**Aim of the exercise**
The complete listing should be restated exactly.
▶
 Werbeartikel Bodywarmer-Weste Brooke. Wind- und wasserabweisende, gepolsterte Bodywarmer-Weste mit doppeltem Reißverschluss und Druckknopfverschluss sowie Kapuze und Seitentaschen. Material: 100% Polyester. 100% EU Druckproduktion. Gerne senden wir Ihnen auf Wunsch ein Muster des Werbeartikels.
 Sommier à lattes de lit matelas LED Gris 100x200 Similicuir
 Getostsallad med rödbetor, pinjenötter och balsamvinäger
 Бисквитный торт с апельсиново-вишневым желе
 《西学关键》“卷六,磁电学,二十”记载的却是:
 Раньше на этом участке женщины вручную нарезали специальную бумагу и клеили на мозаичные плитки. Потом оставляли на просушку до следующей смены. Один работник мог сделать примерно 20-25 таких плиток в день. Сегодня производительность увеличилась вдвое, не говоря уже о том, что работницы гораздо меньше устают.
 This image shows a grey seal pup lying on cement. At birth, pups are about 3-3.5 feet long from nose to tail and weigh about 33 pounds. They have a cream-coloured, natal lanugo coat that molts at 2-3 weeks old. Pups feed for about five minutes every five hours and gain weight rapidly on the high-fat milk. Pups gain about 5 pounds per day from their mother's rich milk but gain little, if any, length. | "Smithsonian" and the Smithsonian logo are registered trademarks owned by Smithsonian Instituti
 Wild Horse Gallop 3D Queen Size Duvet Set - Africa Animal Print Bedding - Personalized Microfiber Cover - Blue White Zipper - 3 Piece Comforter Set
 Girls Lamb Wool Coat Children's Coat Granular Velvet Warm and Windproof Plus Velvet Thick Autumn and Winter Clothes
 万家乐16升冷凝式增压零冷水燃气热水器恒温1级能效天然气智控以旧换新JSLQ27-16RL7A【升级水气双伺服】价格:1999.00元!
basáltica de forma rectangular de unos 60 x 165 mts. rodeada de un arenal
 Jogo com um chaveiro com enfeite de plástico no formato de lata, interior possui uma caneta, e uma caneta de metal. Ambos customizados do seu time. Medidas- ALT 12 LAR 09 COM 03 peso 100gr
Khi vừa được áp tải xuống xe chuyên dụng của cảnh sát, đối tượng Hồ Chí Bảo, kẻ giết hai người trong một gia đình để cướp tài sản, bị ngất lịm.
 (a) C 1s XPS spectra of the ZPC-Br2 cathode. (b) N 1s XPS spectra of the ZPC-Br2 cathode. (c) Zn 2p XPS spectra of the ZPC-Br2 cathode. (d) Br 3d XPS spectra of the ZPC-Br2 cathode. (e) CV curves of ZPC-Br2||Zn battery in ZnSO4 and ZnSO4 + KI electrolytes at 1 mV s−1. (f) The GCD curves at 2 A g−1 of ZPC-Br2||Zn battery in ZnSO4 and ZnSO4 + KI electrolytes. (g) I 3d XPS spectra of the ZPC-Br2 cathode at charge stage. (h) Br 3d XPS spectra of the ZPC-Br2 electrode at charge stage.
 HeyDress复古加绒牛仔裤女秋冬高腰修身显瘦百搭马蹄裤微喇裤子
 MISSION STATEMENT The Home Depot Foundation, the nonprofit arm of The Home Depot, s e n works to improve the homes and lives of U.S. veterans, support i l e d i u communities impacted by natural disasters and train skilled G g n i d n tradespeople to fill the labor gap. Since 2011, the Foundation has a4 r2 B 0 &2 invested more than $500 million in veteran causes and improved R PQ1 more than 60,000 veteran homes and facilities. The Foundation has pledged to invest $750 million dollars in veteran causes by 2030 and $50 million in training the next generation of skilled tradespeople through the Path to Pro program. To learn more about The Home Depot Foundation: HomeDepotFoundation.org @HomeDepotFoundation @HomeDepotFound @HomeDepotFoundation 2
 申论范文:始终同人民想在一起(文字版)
◀
**Exercise answer**
 Werbeartikel Bodywarmer-Weste Brooke. Wind- und wasserabweisende, gepolsterte Bodywarmer-Weste mit doppeltem Reißverschluss und Druckknopfverschluss sowie Kapuze und Seitentaschen. Material: 100% Polyester. 100% EU Druckproduktion. Gerne senden wir Ihnen auf Wunsch ein Muster des Werbeartikels.
 Sommier à lattes de lit matelas LED Gris 100x200 Similicuir
 Getostsallad med rödbetor, pinjenötter och balsamvinäger
 Бисквитный торт с апельсиново-вишневым желе
 《西学关键》“卷六,磁电学,二十”记载的却是:
 Раньше на этом участке женщины вручную нарезали специальную бумагу и клеили на мозаичные плитки. Потом оставляли на просушку до следующей смены. Один работник мог сделать примерно 20-25 таких плиток в день. Сегодня производительность увеличилась вдвое, не говоря уже о том, что работницы гораздо меньше устают.
 This image shows a grey seal pup lying on cement. At birth, pups are about 3-3.5 feet long from nose to tail and weigh about 33 pounds. They have a cream-coloured, natal lanugo coat that molts at 2-3 weeks old. Pups feed for about five minutes every five hours and gain weight rapidly on the high-fat milk. Pups gain about 5 pounds per day from their mother's rich milk but gain little, if any, length. | "Smithsonian" and the Smithsonian logo are registered trademarks owned by Smithsonian Instituti
 Wild Horse Gallop 3D Queen Size Duvet Set - Africa Animal Print Bedding - Personalized Microfiber Cover - Blue White Zipper - 3 Piece Comforter Set
 Girls Lamb Wool Coat Children's Coat Granular Velvet Warm and Windproof Plus Velvet Thick Autumn and Winter Clothes
 万家乐16升冷凝式增压零冷水燃气热水器恒温1级能效天然气智控以旧换新JSLQ27-16RL7A【升级水气双伺服】价格:1999.00元!
basáltica de forma rectangular de unos 60 x 165 mts. rodeada de un arenal
 Jogo com um chaveiro com enfeite de plástico no formato de lata, interior possui uma caneta, e uma caneta de metal. Ambos customizados do seu time. Medidas- ALT 12 LAR 09 COM 03 peso 100gr
Khi vừa được áp tải xuống xe chuyên dụng của cảnh sát, đối tượng Hồ Chí Bảo, kẻ giết hai người trong một gia đình để cướp tài sản, bị ngất lịm.
 (a) C 1s XPS spectra of the ZPC-Br2 cathode. (b) N 1s XPS spectra of the ZPC-Br2 cathode. (c) Zn 2p XPS spectra of the ZPC-Br2 cathode. (d) Br 3d XPS spectra of the ZPC-Br2 cathode. (e) CV curves of ZPC-Br2||Zn battery in ZnSO4 and ZnSO4 + KI electrolytes at 1 mV s−1. (f) The GCD curves at 2 A g−1 of ZPC-Br2||Zn battery in ZnSO4 and ZnSO4 + KI electrolytes. (g) I 3d XPS spectra of the ZPC-Br2 cathode at charge stage. (h) Br 3d XPS spectra of the ZPC-Br2 electrode at charge stage.
 HeyDress复古加绒牛仔裤女秋冬高腰修身显瘦百搭马蹄裤微喇裤子
 MISSION STATEMENT The Home Depot Foundation, the nonprofit arm of The Home Depot, s e n works to improve the homes and lives of U.S. veterans, support i l e d i u communities impacted by natural disasters and train skilled G g n i d n tradespeople to fill the labor gap. Since 2011, the Foundation has a4 r2 B 0 &2 invested more than $500 million in veteran causes and improved R PQ1 more than 60,000 veteran homes and facilities. The Foundation has pledged to invest $750 million dollars in veteran causes by 2030 and $50 million in training the next generation of skilled tradespeople through the Path to Pro program. To learn more about The Home Depot Foundation: HomeDepotFoundation.org @HomeDepotFoundation @HomeDepotFound @HomeDepotFoundation 2
 申论范文:始终同人民想在一起(文字版)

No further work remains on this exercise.